TEMOS DOURADAS EM SETÚBAL? CAP II

As nossas sadinas douradas preparam a sua reprodução conforme sempre o fizeram desde tempos ancestrais, dentro do estuário do Sado.
Porém, algo tem vindo a mudar nos seus hábitos, na segurança das suas posturas, e não necessariamente para melhor. Progressivamente, a desova deixou de ser feita dentro do rio pois aí os peixes já não encontram condições favoráveis para que isso aconteça.
Com efeito, as douradas sofrem hoje com vários factores ambientais negativos, sendo dois deles mais impactantes que todos os outros.
São eles, a saber: o sobreaquecimento das águas por força da exposição solar, (o qual decorre de forma directa dos efeitos do aquecimento global) e o segundo factor, o qual se prende com a crescente e massiva utilização de pesticidas na produção de arroz, nos campos de Alcácer do Sal.
Seria possível mencionar outras causas, a pressão de pesca profissional, a pesca lúdica a exemplares juvenis, etc, mas são os dois primeiros, actuando em paralelo, aqueles que mais decisivamente contribuem para a sua debandada para o exterior.
A qualidade das desovas é substancialmente mais baixa, e a expectativa de sobrevivência dos alevins é bem mais reduzida. Com o consequente empobrecimento do valor percentual de peixes que chegam a adultos.
Vejamos hoje como acontecem e quais as consequências de ambos os processos, em separado.


A natureza brinda-nos com momentos de luz incríveis. Fiz esta foto no caminho de Setúbal a Sines.


A falta de oxigénio

Dentro do rio, a natural ausência de turbulência, ondas e ressaca, a baixa intensidade do vento, sobretudo matinal, e as calmarias de tempo quente e seco promovem nas zonas mais recônditas dos esteiros águas muito paradas, quase estagnadas.
A constante presença de fertilizantes (resultantes da escorrência dos trabalhos de agricultura feita nas margens do Sado), os dias de sol intenso, as temperaturas altas, durante semanas sucessivas próximas ou acima de 40ºC, criam condições propícias para o crescimento de algas, fitoplâncton, bem como de bactérias. Neste caldo de nutrientes, estranho seria que não acontecessem excessos, e eles revelam-se através de uma densidade anormal destes micro vegetais.
As águas tornam-se verdes, ficam uma “sopa” de algas.
Mas esta é a parte positiva, águas verdes são sinónimo de nutrientes, de matéria prima para a criação de vida animal. Não vem mal ao mundo que exista matéria vegetal deste tipo, ela será aproveitada pelo zooplâncton, e estará na base de uma cadeia alimentar que irá crescer até aos grandes peixes da nossa costa. O problema não é a existência de microalgas, é sim o tempo em que ela acontece, o excesso, e pior, o efeito que este excesso provoca na qualidade da água dentro do rio.
Esta biomassa de algas consome imenso oxigénio, num momento e local em que ele não abunda, e precisamente quando as douradas mais dele necessitam.

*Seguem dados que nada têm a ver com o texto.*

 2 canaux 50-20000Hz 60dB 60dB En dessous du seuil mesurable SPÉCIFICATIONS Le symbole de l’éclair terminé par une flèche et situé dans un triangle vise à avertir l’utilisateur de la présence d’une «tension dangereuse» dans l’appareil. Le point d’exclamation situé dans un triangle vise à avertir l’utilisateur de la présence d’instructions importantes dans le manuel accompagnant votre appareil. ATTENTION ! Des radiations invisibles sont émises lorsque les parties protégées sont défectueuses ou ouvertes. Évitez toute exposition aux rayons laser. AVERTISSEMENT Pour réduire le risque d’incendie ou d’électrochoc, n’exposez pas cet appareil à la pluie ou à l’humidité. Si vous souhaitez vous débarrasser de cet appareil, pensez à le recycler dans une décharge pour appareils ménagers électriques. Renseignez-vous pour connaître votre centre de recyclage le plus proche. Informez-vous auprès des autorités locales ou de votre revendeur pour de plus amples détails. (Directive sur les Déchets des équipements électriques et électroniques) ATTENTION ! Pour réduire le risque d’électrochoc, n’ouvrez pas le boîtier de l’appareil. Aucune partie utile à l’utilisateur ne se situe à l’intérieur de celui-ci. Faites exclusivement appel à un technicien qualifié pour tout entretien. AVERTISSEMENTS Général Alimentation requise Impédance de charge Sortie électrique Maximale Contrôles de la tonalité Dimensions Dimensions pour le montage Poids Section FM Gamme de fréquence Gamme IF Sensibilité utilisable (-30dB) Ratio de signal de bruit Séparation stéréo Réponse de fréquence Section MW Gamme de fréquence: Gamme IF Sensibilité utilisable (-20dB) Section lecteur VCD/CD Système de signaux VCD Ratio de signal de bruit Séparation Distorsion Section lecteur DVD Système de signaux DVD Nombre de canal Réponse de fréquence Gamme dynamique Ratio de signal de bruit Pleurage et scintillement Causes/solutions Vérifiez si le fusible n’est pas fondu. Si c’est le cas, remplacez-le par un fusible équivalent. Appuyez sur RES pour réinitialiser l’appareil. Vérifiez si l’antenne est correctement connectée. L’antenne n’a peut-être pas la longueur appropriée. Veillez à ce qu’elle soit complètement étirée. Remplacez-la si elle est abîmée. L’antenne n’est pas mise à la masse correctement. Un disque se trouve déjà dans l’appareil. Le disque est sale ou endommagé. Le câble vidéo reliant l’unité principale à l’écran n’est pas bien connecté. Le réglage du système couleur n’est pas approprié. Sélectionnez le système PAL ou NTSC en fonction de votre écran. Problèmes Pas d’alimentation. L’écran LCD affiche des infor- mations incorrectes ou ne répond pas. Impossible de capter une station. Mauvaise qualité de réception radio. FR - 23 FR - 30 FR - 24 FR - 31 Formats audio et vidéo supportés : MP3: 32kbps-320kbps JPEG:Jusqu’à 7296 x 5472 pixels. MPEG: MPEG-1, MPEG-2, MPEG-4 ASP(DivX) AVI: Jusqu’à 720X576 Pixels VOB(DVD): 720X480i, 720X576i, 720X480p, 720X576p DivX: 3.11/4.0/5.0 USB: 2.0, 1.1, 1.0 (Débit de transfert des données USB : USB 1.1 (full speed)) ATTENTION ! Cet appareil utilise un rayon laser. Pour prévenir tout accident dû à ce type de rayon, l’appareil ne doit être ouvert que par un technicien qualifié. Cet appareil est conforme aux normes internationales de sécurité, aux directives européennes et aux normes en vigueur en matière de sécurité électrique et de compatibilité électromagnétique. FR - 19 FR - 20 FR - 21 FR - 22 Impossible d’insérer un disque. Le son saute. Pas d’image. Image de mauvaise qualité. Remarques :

O efeito do sol directo aumenta exponencialmente a produção de algas, e empobrece a água do seu teor de oxigénio.


Por força das temperaturas elevadas, da quantidade de horas de sol directo, esse precioso gás reduz a sua presença no meio líquido.
Ao mesmo tempo, as algas proliferam e, pese libertem bastante oxigénio para a atmosfera por efeito da fotossíntese, (bom para nós) concorrem ainda assim com os peixes no consumo do oxigénio dissolvido na água.
Se para os humanos isso representa uma benesse, (alimenta-nos a atmosfera que respiramos de algo vital para nós), já para os peixes nem tanto, pois retira-lhes o oxigénio quando ele lhes é mais necessário.
Corresponde o desenrolar deste processo ao final do período de Verão e início do Outono, precisamente quando se joga a cartada decisiva do início da reprodução das douradas.
Em termos fisiológicos, aquilo que acontece é que a rarefacção do oxigénio combinada com as altas temperaturas obrigam as douradas a um aumento do seu ritmo metabólico, acelerando-lhes o ritmo da respiração.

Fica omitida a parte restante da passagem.